The invention discloses a large-data clustering optimization method based on dimension reducing grouping. The large-data clustering optimization method includes the steps that (1) initialization is carried out; (2) similarity expressions corresponding to large-data clustering optimization problems are scanned, and whether relative symbols exist or not is judged; (3) relative dimensionality is stored; (4) whether similarity sub-expressions exist or not is judged; (5) ephemeral data of the similarity sub-expressions is stored; (6) whether relative symbols exist in the similarity sub-expressions or not is judged; (7) relative sub-dimensionality is stored; (8) whether a first symbol after the similarity sub-expressions is the similarity symbol or not is judged; (9) the relative dimensionality is merged; (10) ephemeral data is released; (11) sub-dimensionality with common elements is merged.
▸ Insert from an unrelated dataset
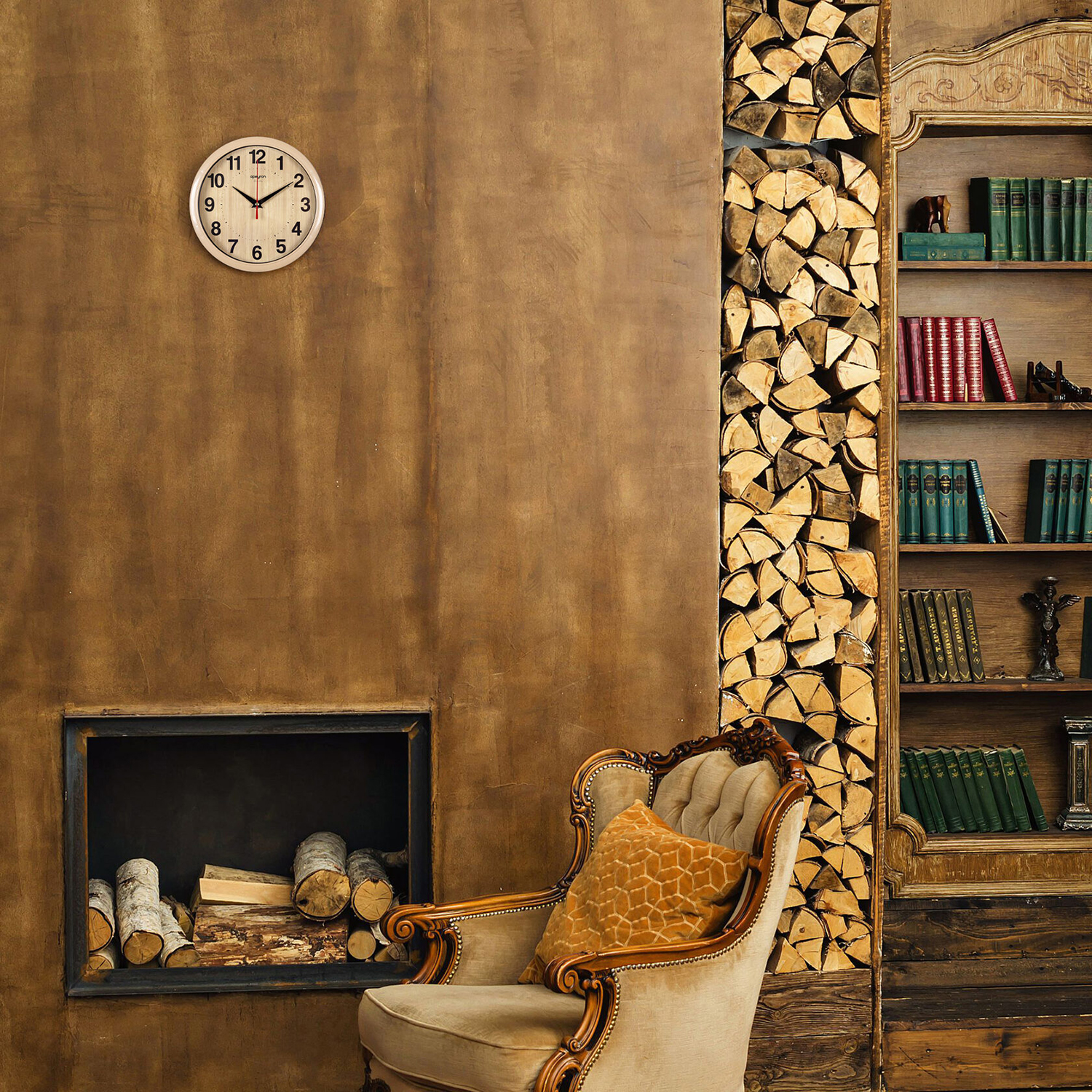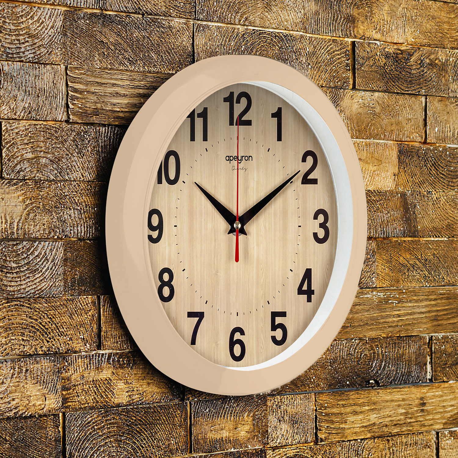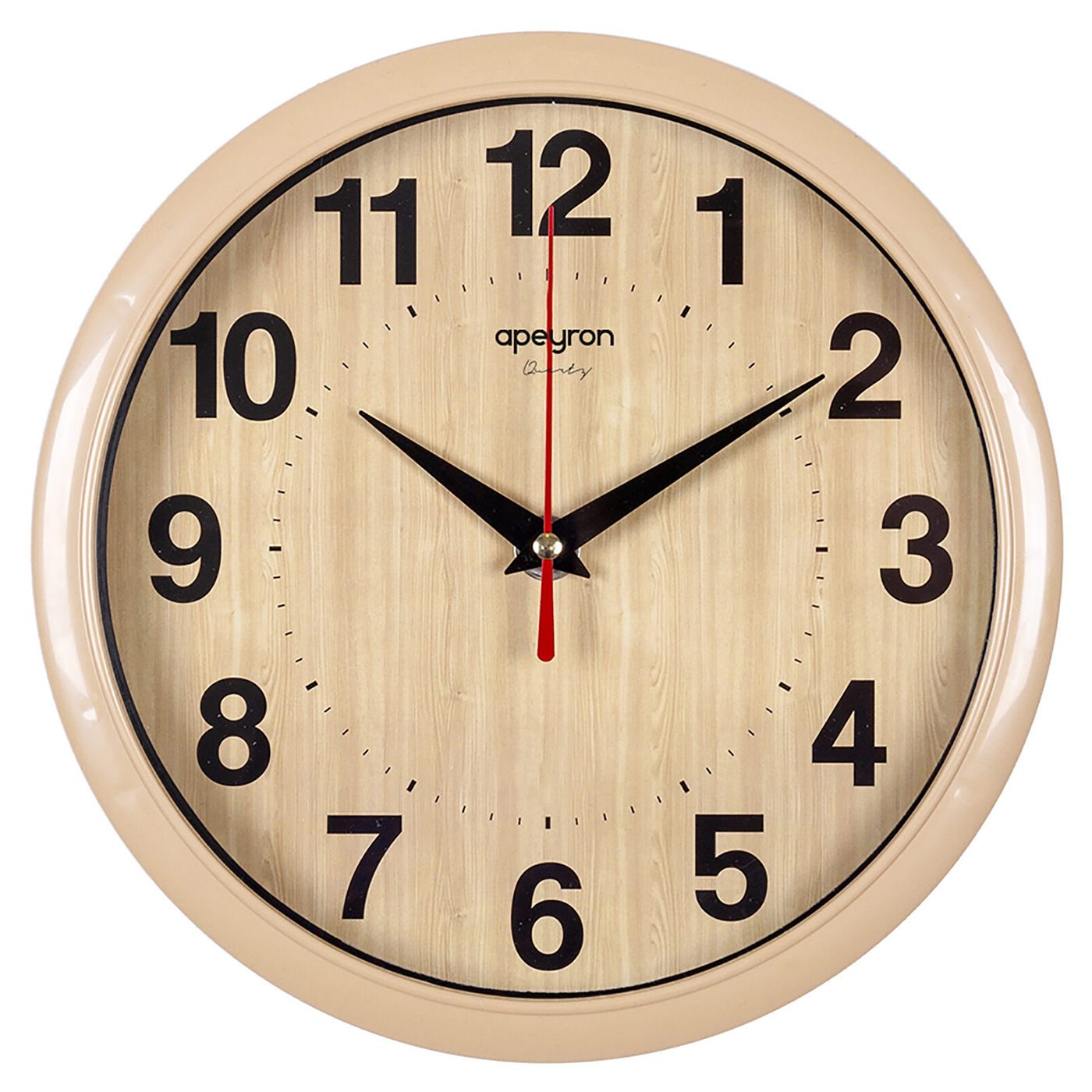 Настенные часы Apeyron представляют собой часы с корпусом из экологичного пластика. Лицевая сторона часов защищена минеральным стеклом. На циферблате часов, выполненном под дерево, расположены арабские цифры и три стрелки. Часы сохранят тишину в помещении благодаря использованию бесшумного механизма плавного хода, который работает от батарейки стандарта АА (не входит в комплект).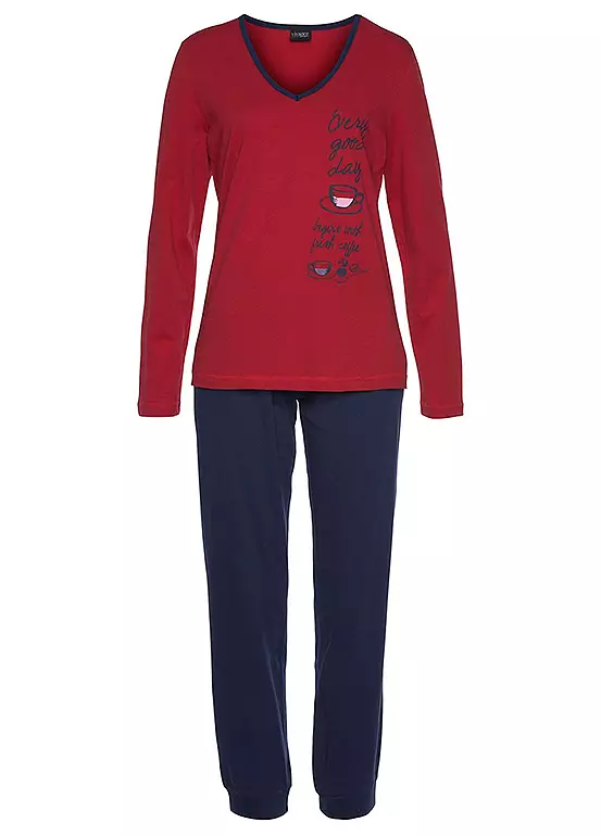 These pyjamas are designed with a v-neckline and a casual print on the front of the long-sleeved top. The pants in a contrasting colour come with ribbed, elastic cuffs and two side pockets.

By means of the large-data clustering optimization method based on dimension reducing grouping, the large-data clustering optimization problems can be accurately subjected to dimension reducing grouping, the speed is high, and wide adaptation is achieved.

Description

technical field [0001] The invention belongs to the technical field of big data clustering optimization, and further relates to a big data clustering optimization method based on dimensionality reduction grouping in the technical field of large-scale numerical query analysis and optimization. The present invention can be used for big data clustering, big data compression storage, classifier construction, optimizing scheduling process by grouping tasks in large-scale task scheduling, artificial neural network classification training, and classifying various system parameters in engineering design problems optimization etc. Background technique [0002] Big data clustering optimization technology refers to large-scale problems, that is, problems with more than 1,000 dimensions or variables, reducing the dimension of the problem through dimensionality reduction and grouping, so that it is easier to process or optimize large-scale problems. Due to the characteristics of high di...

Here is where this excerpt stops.